5. Rap Jam: Volume One (1995)
You already love NBA Jam, so a streetball game starring rappers has gotta be just as good, right? Onyx, Coolio, and House of Pain are definitely the characters you’d most want to play, right? They called it “Volume One” because it’s going to be a long-running series, right? Uh… right?
4. Wu-Tang: Shaolin Style (1999)
A Tekken-style fighting game born from a game that had been canceled for being too violent, this one came at the perfect time… to feel like a cash grab. No jumping, graphics that made GZA and Inspectah Deck look like crash test dummies, and a complete lack of Blue Raspberry? We’ll stick to shadowboxing.
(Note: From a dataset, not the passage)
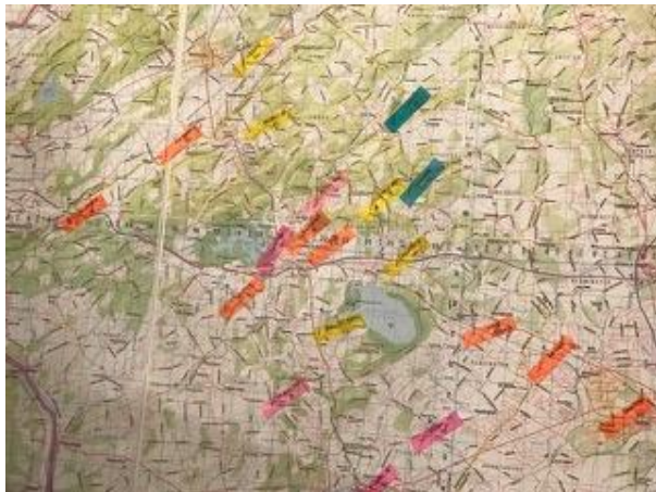
House Blessing Routes 2021

3. 50 Cent: Blood on the Sand (2009)
Lots of games get sequels, especially when they’re well-reviewed and popular. 50 Cent: Bulletproof wasn’t really either of those things, but Console Curtis re-upped anyway. And the results are… well, is “glorrible” a word? Like glorious and horrible at the same time? Because yeah.
2. Shaq Fu (1994)
Arguing about the worst video game ever made is the kind of thing that has no answer, but everyone’s a winner. Except, we guess, Big Diesel’s garbage fire of a fighting game. Why is he wearing Orlando Magic shorts but a generic jersey? Who’s that dude watching from the stairs? Why would you make a game inspired by Mortal Kombat but have no fatalities? So many questions, so few answers.
1. Def Jam: Fight for NY (2004)
Finally, we get to use “ridiculous” in the best way possible. No lie, this rap-roster brawler gave hip-hop-loving gamers everything they needed in the PS2 era. Brolic-ass Snoop. The ability to play as everyone from Elephant Man to Bubba Sparxxx to Slick Rick. (There are literally more than 60 other options, that’s just the funniest trio we could think of.) Problematic Lil’ Kim aside, there’s nothing not to like.